──────── Input data

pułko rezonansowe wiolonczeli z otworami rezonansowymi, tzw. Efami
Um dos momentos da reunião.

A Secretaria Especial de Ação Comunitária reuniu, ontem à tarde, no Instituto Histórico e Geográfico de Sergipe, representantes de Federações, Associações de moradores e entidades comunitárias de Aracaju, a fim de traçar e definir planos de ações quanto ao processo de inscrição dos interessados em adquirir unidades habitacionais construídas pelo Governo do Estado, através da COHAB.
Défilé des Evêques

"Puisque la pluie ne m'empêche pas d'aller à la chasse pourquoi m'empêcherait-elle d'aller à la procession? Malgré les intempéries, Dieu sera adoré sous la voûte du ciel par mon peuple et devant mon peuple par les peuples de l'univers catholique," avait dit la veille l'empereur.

────────────────
──────── Input data

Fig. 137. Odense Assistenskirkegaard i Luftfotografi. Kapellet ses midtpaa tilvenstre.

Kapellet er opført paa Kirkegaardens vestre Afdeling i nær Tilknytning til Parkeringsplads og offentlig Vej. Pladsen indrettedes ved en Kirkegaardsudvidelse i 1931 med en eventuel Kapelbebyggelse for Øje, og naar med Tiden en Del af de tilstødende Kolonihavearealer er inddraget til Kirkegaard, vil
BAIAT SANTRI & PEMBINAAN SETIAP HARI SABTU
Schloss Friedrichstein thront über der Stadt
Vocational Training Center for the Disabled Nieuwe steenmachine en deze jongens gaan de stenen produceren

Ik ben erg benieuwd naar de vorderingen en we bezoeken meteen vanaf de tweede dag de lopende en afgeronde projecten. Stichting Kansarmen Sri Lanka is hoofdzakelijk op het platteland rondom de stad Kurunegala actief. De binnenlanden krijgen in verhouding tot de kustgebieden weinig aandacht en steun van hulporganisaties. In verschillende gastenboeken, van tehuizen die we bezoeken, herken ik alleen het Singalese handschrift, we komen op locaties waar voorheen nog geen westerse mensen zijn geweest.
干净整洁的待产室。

────────────────

What the exercise asks: What you give back should be only the lines of the records above, starting at the line with "Schloss Friedrichstein thront über der Stadt" and ending at the line with "Vocational Training Center", restated word for word.

Written answer:
Schloss Friedrichstein thront über der Stadt
Vocational Training Center for the Disabled Nieuwe steenmachine en deze jongens gaan de stenen produceren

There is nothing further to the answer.